This is the number one reason to scrape websites. It's always nice when there's an API with documentation and rate limiting rules you can follow. Sometimes the data I need just isn't there, though. Then I open up their site and find a huge amount of private API endpoints that do exactly what I want. Then I open up a ticket about it and it gets 200 replies but they ignore it for years. It's fucking stupid and it's really no wonder people scrape their site.
Why would Amazon wish to provide you with easy to access data on their products and prices when you could either be a competitor wishing to undercut those prices, or be a scraper company hired by such a competitor?
In what universe is providing such a straightforward way of helping a competitor considered sane business practice?

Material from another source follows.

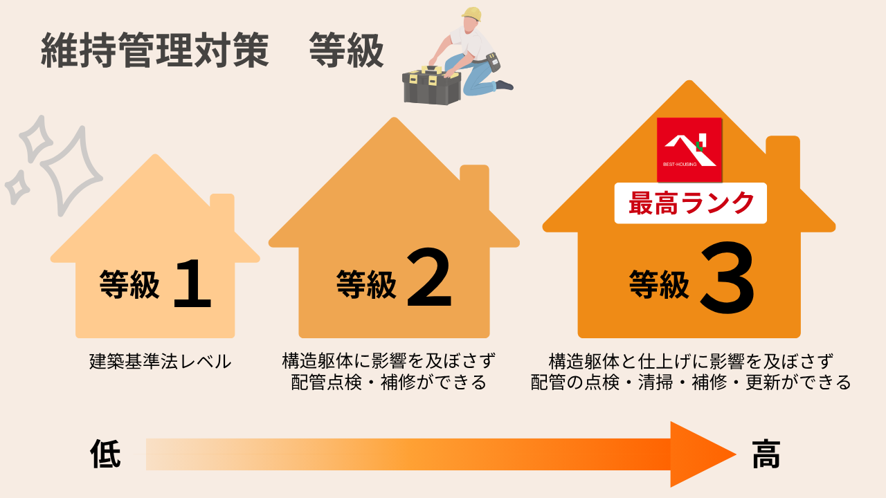 等級が高いほど、メンテナンス時の負担やコストが抑えられる設計になっています。

Most sellers who are on Amazon platform give Amazon that information and a lot more, knowing full well Amazon will use their sales data to launch an Amazon Basics competitior.

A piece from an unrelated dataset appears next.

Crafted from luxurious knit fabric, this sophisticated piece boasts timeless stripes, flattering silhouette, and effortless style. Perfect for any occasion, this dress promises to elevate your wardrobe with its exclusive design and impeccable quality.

It is a sane business approach when you are a pragmatic business who knows the limits that constrain your business.
Either the content company is going to build a simple API (could be just a static CSV file hosted on S3 or whatever) with useful information or try to monetize/hide this information and force scapers to use the website .
A bot is always going to win unless you want to make users also a lot of friction. In the era of deepfakes and fairly robust AI tooling the difference between bot action and humann action is not all that much.

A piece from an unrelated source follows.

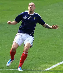 Along with his then-Rangers teammate Charlie Adam, Hutton was called up by manager Alex McLeish to the Scotland squad for the first time on 11 May 2007 for a friendly against Austria and a Euro 2008 qualifying match against the Faroe Islands.[56] He made his international debut against Austria on 30 May 2007, coming on as a substitute.[57] Hutton made his competitive debut against Lithuania in September 2007.[58] Hutton was part of the Scotland team that beat France at Parc des Princes in September 2007.[59]

If you are going to be agressive with captcha , IP blocks and other fingerprinting, users who get identified false positive.or annpyed would leave.
When the cost of losing those users is more than allowing access to scrapers,you would absolutely setup the API.
You don't know what data they needed. Maybe they needed reviews or product descriptions. The API doesn't cover everything but it does cover the exact use case I was replying to.
Markets are competitive and efficient when all parties have full information. If Amazon doesn't want its prices to be known amd finds ways to successfully prevent them from being scrapes, in some sense the state should force it to disclose them via API (or something equivalent)
Is it not viable to put majority of your data behind a login and so the bots only get a very limited snapshot while legitimate users get it through a free login?
I’m asking this because I’m going through very similar situation and would love to see other opinions around this.
If you make your scraper well, and it counterfeits being a real user believably, you end up with a solution that can be tweaked as needed to handle whatever traps people put in to try to defeat your scrapers.
If you make your api client well, you don't have the problems of a scraper - but if the api owner decides to change rules for api and you can't do what your business is based on being able to do (think of api owner as Twitter) then you need to make a scraper.
Wait, why wouldn't you have rate limiting on your API? Providers like Cloudflare offer this although I guess you could roll your own too since our industry loves to reinvent the wheel.
Does your API provide all the information that can be found on the site, or are they scraping because the API is incomplete?
We've once had to scrape Amazon product pages because they have a lot of API endpoints, but those didn't contain the data we needed.